On the vertical pole test, a measure of motor function in which the mice have to climb down a pole, Cln1R151X mice on non-acidified water showed marked impairments compared with wild-type mice at both 3 and 6 months of age. However, Cln1R151X mice given acidified water performed similarly to wild-type mice at both time points.

On a test of coordination and balance called the rotarod test, Cln1R151X mice showed pronounced deficits, and acidified water had no apparent effect. The researchers did note, however, an unusual behavior seen in aged Cln1R151X mice on acidic water.

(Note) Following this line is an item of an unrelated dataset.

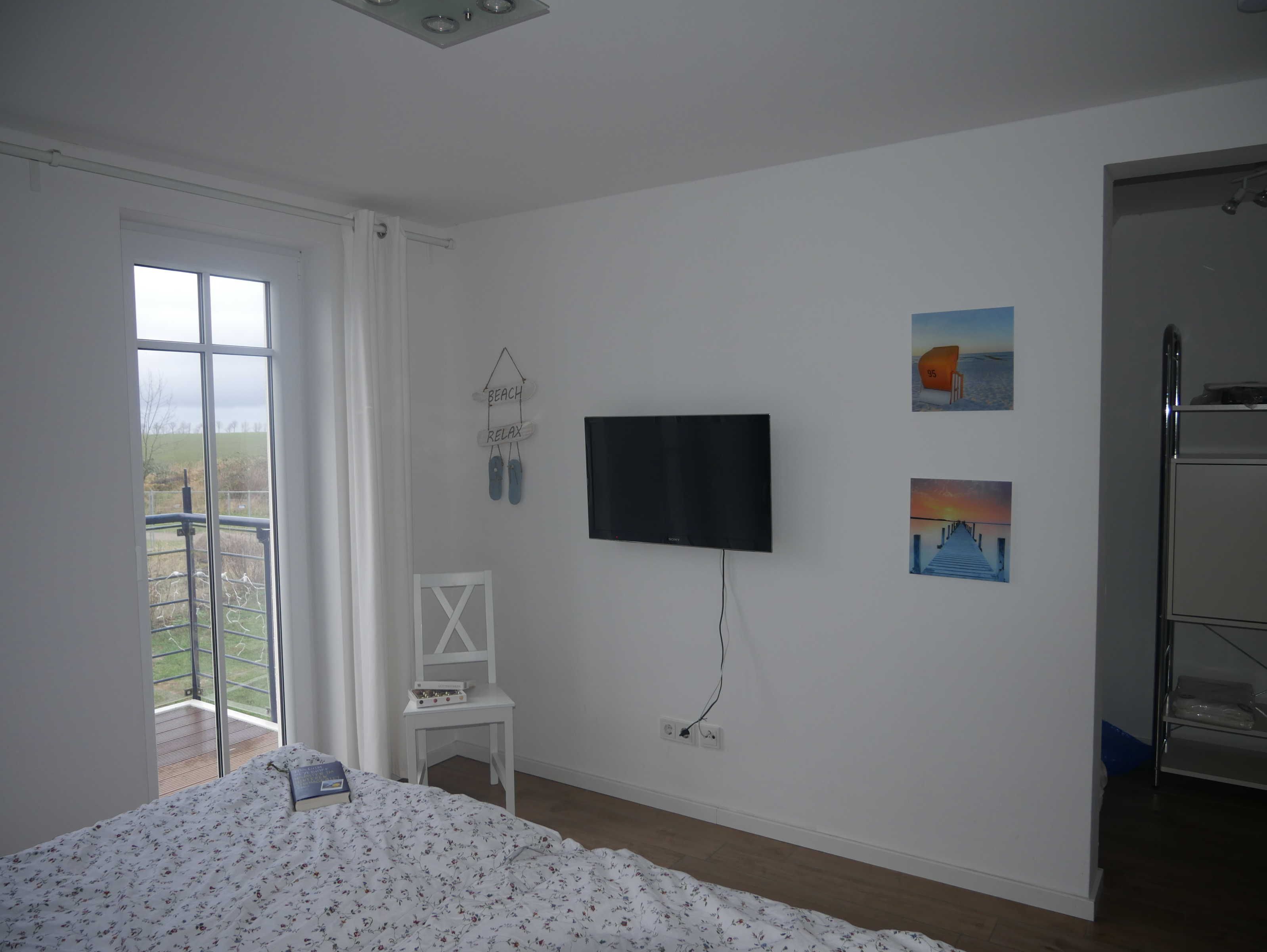 Schlafzimmer 3 mit Doppelbett (1,80m x 2m), TV, begehbarem Kleiderschrank und eigenem Balkon.

“In an accelerating rotarod test, Cln1R151X mice receiving acidified drinking water performed poorly, and displayed a strange, rotarod-specific behavior at 6 months of age: they did not want to stay on the still rod, making it difficult to start and carry out the test,” the researchers wrote.

“Only 6-month-old Cln1R151X mice on acidified drinking water displayed this behavior,” the team added, noting that these mice’s behavior otherwise appeared generally normal.

All forms of Batten disease are caused by the dysfunction of cellular “recycling centers” called lysosomes, which leads to a toxic buildup of molecular material. Analyses of the mice’s brains showed that Cln1R151X mice on acidified drinking water had less accumulation of lysosomal material in all brain regions than their counterparts given non-acidic water.

Mice given the water also showed less activation both of astrocytes, star-shaped cells that support neuronal function, and microglia, the main infection-fighting immune cells in the brain. However, the decreases in astrocyte and microglia activation were seen only in certain brain regions.

“Acidified water received from 21 days of age decreased the amount of lysosomal storage material in every brain region examined, reduced astrocytosis in the striatum and somatosensory barrelfield cortex, attenuated microglial activation in the thalamus, and preserved the ability of Cln1R151X mice to climb down a vertical pole as quickly and proficiently as wild-type mice,” the scientists concluded.

The team noted that, while acidified water had a marked effect in this CLN1 model and also the previous CLN3 model, there was little overlap in the specific effects seen in the two models.

“These results indicate that the effects of acidified drinking water are disease-specific,” the scientists wrote.

Through analyses of fecal pellets, the researchers also examined the composition of gut bacteria in the mice. There were several alterations in gut microbiota for Cln1R151X mice given acidic water, the team noted. The scientists speculated that these changes in gut bacteria could in part explain a biological mechanism for the effects of acidified drinking water in the mice.

Beyond the specific effects of acidic water in Batten disease, which will require further testing to validate, this study “verifies that acidified drinking water, which is widely used in laboratory animal facilities, can modify disease phenotypes [traits] in mouse models, contributing to the inter-laboratory variations in neurological and pathological findings,” the researchers concluded.